Hacker News new | ask | show | jobs
How are generative AI companies monitoring their systems in production?
18 points by wujerry2000 996 days ago
Companies with LLM-based products (specifically Retrieval-Augmented Generation)deployed in production - how are you monitoring outputs for hallucinations? What's your process?
8 comments

We struggled with this ourselves while building LLM-based products and then open-sourced our observability/monitoring tool [1]. Many use it to track RAG and agents in production, run custom evals on the production traces (focused on hallucination), and track how metrics are different across releases or customers. Feel free to dm if there is something specific you are looking to solve, happy to help.
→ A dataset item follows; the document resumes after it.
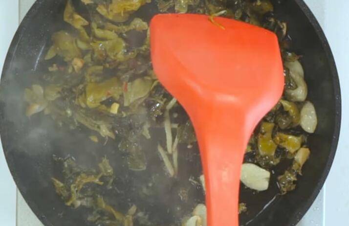 2、起锅烧油,放入姜丝、蒜、酸菜500克,大火翻炒。
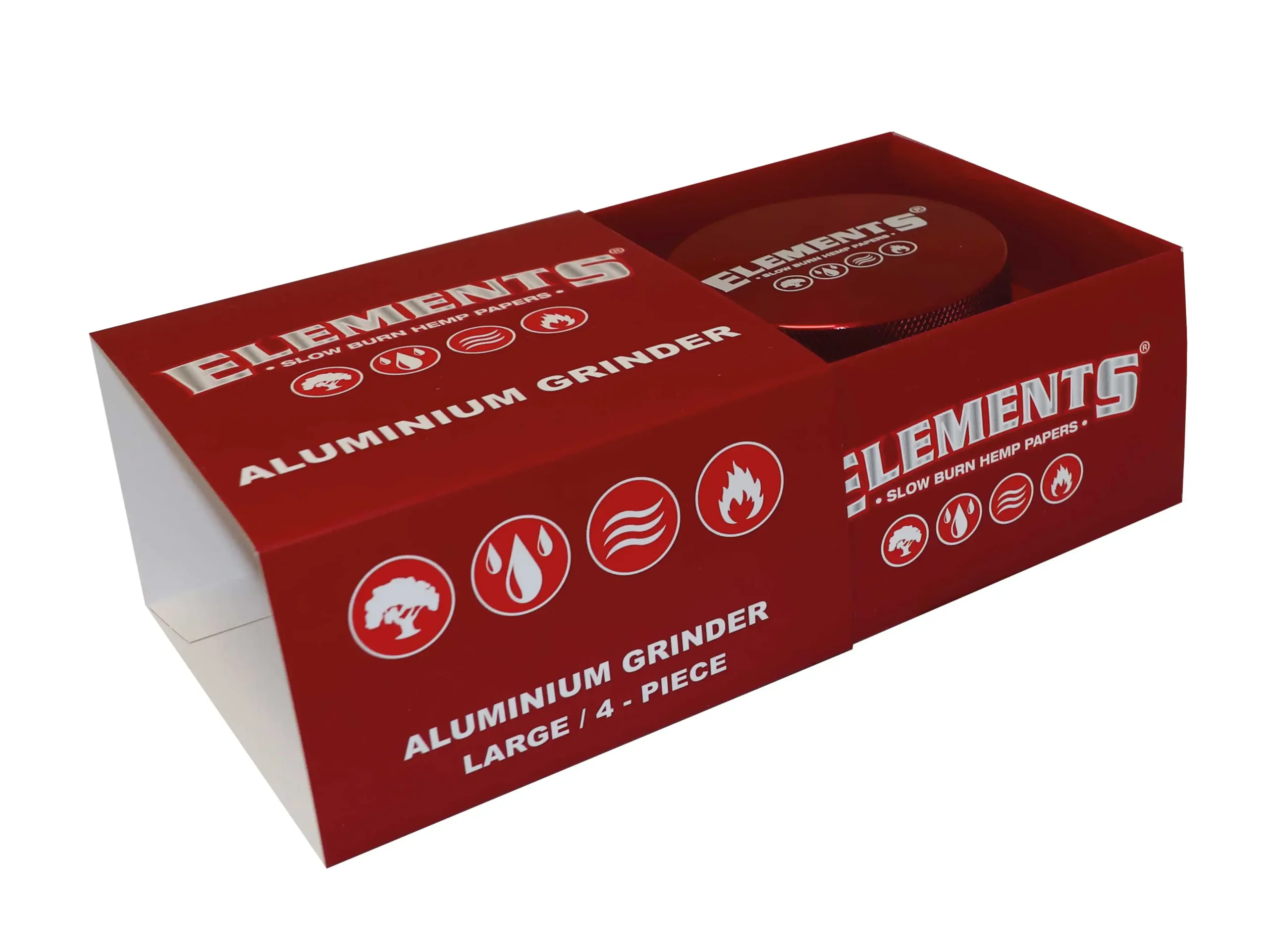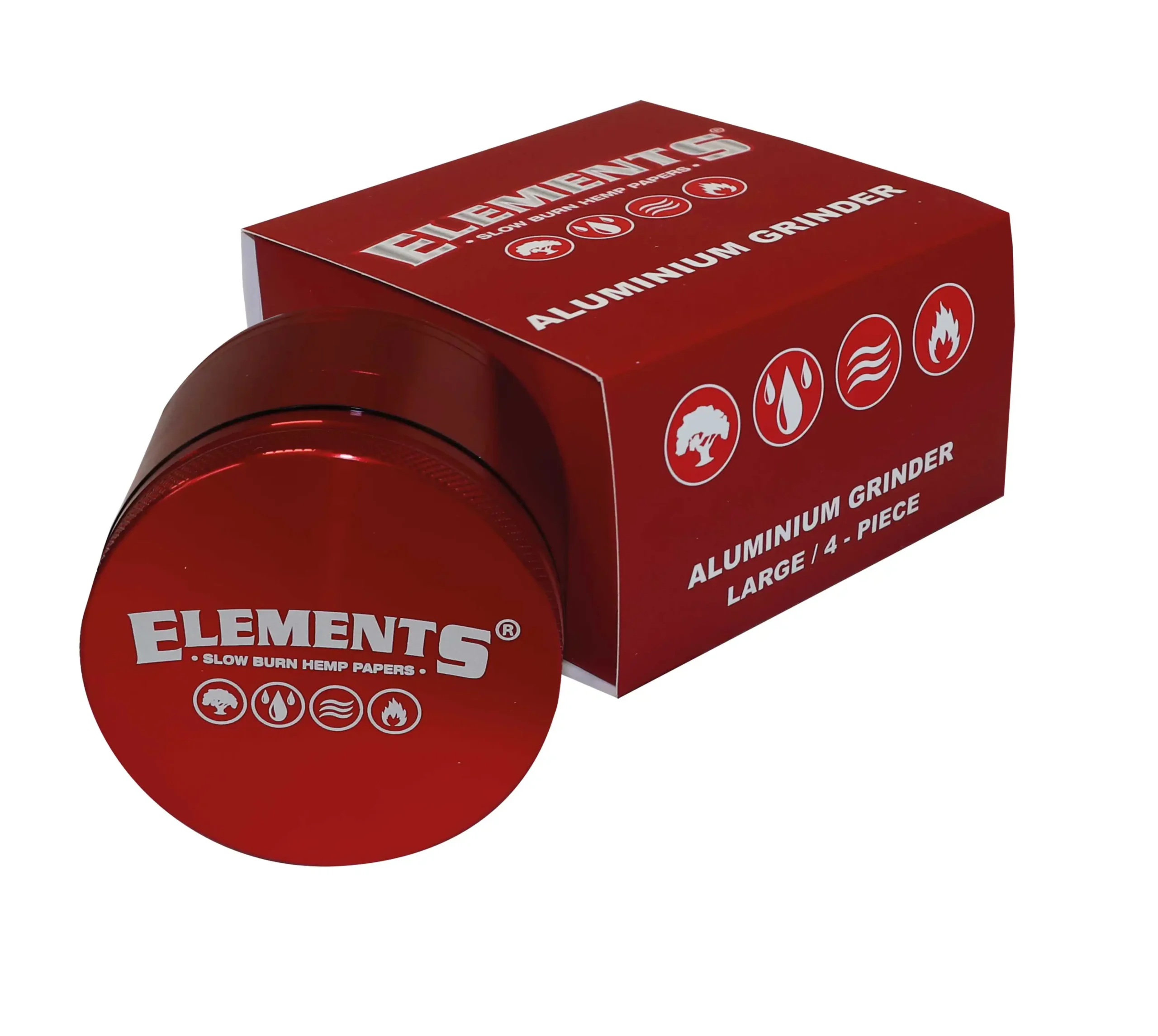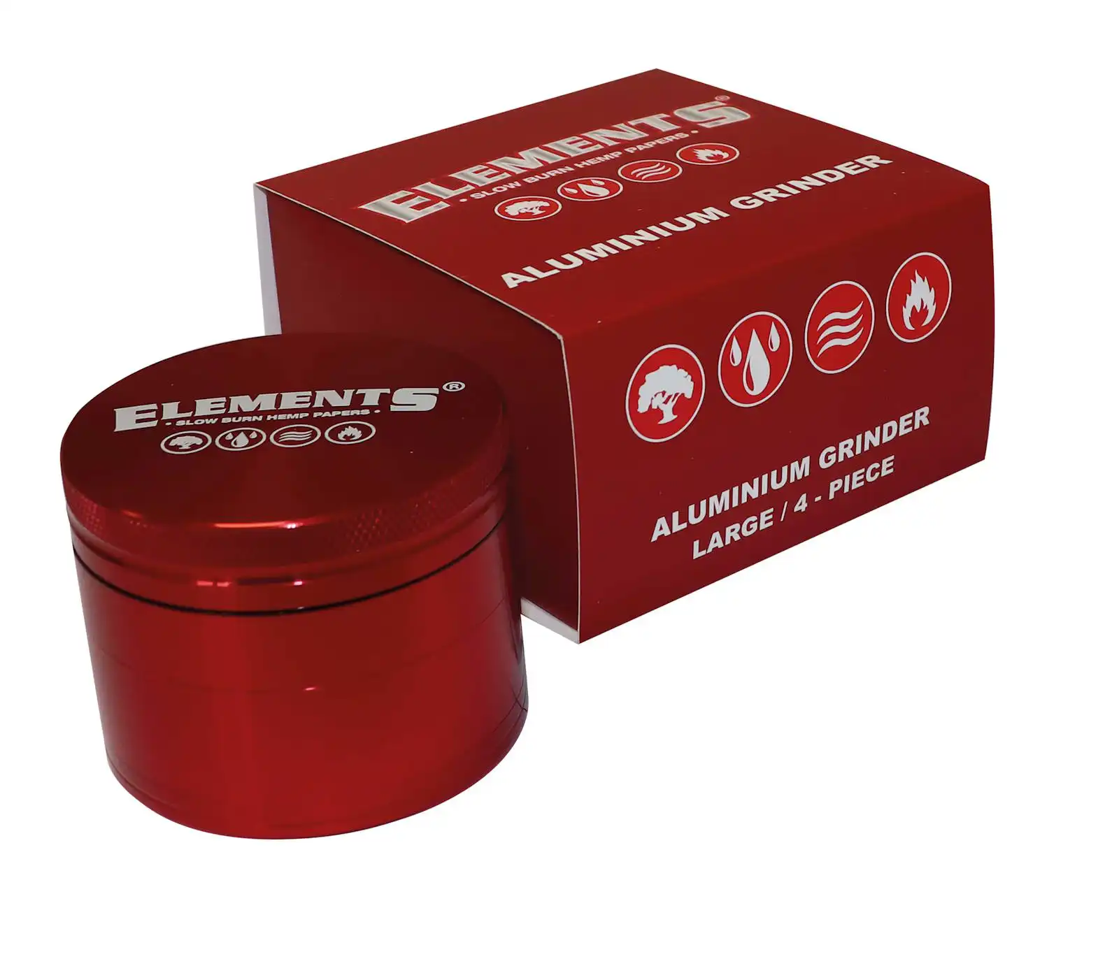 Beställ ELEMENTS RED GRINDER ALUMINIUM 4 PART LARGE direkt från Veloop.se – Sveriges pålitliga butik för grinders, rullpapper och premiumtillbehör.

[1] https://github.com/langfuse/langfuse

There are quite a few LLM monitoring tools in the market. But for monitoring (or evaluating) RAG systems, I found Ragas to be the most helpful: https://blog.langchain.dev/evaluating-rag-pipelines-with-rag...
Langkit is an option. WhyLabs has published a number of blog posts on this subject recently: https://whylabs.ai/blog/posts/monitoring-llm-performance-wit...
we built https://klu.ai/ for this

======

outside of us, here's what I see happening

80% of folks aren't building in prod

if you pull apart the 20% that are building, I've seen this from largest to smallest population:

1. most people are not monitoring, followed by 2. home-grown solutions logged into existing observe/analytics platforms, followed by 3. LLMOps tooling like Klu

the 2 cents on the unfortunate truth: I think that many of the AI bolt-on features are living the classic feature lifecycle in that they are launched, no one is monitoring them for improvement, and the feature retention sucks so there's no top-down push to prioritize. the people measuring and improving are exceptional builders regardless of LLMs/RAG.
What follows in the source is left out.